The Chinese quickly established themselves in the Gold Country, building Chinatowns in all the gold centers in the Sierra foothills, and later expanding their reach into the Trinity Mountains in Weaverville. Free to travel and settle in any part of the state, they took full advantage of their new found freedom. In their home country, bound by tradition and unchanging land ownership, where families had lived in the same location for hundreds of years, they encountered a land that was unsettled and unpopulated, open to being developed by anyone that had the ability and time. It was like entering a land of unlimited possibilities.

In the first two decades of living in California, the Chinese built over 30 Chinatowns. In those days, more than 90% of the Chinese lived in these small town Chinatowns. The San Francisco Chinatown would not attain its prominence until later.

The Chinese introduced Buddhism and Taoism to North America. In every Chinatown they built a temple where their gods could be worshipped and at the same time reminding European Americans that there are many gods in this world.

The spread of Chinese culture in California grew as the new Chinese pioneers opened Chop Suey or “fusion” restaurants featuring Chinese and American dishes throughout the state. Food was the first contact that many European Americans had to Asian culture.

They made a place for themselves in the California economy. They started the fishing industry and did most of the work to start the agricultural industry.
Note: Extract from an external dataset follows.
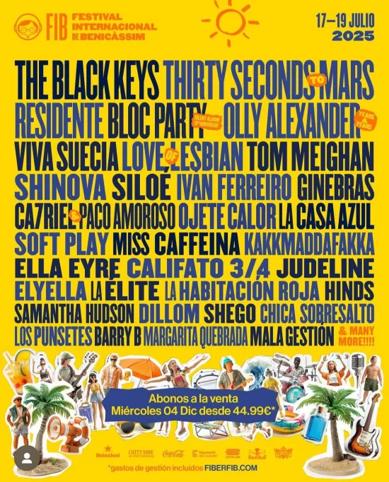 The Black Keys y Thirty Seconds To Mars encabezan el cartel del Festival Internacional de Benicàssim (FIB) para la edición de 2025, que se celebrará del 17 al 19 de julio, según ha confirmado la organización.

In urban occupations, cigar making, woolen mills, salmon packing, boot making, and domestic work, they either were a major presence or dominated those industries. Railroad work was another area in which they excelled. During this period the Chinese constituted twenty five percent of the total California work force.

For a time, the Chinese thought they had found the Promised Land as they were no longer oppressed by Manchu officials and were able to work to their full potential. It was during this period that President Lincoln freed the slaves. America the Chinese felt was indeed a great country worthy of their loyalty. Democracy was an idea that they felt comfortable with. Perhaps they could not vote now, but soon, in the not too distant future, the ideas the Lincoln expressed, a nation, of the people, by the people, and for the people would apply to them also.

From 1850 to 1870, California was an exceptional place. In the mountains there was gold; in the valleys, a bountiful agricultural wonderland was being born. The magnificent Pacific seacoast held the abundant treasures of a virtually untapped source of wealth. The riches produced by the gold, agricultural, and sea products were bringing forth a new society.

Not only was there physical wealthy, but there was individual freedom. The issue of whether California would enter the union as a “free” state or a “slave” state had been newly decided. California would be free.

With an abundance of natural resources to develop, the growth of its cities financed by the seemingly unlimited supply of gold, a strong economy where everyone who wanted to work had a job, California for those brief twenty years, was a special place. That sense of “specialness” was further accentuated by the fact that everyone who immigrated to California during those years, had to work hard to get here. Everyone shared a “pioneer” spirit and a common goal of building the foundations of what would later be known as the “Golden State”.

During that golden age, California was more like an independent kingdom than part of the United States. Cut off from the other states by high mountains and the Great Plains, California was free to develop a new society. But that was soon to change. A wave of new immigrants would hit the state bringing the ills of the old world. The idyllic lifestyle that the early Californians developed would soon disappear.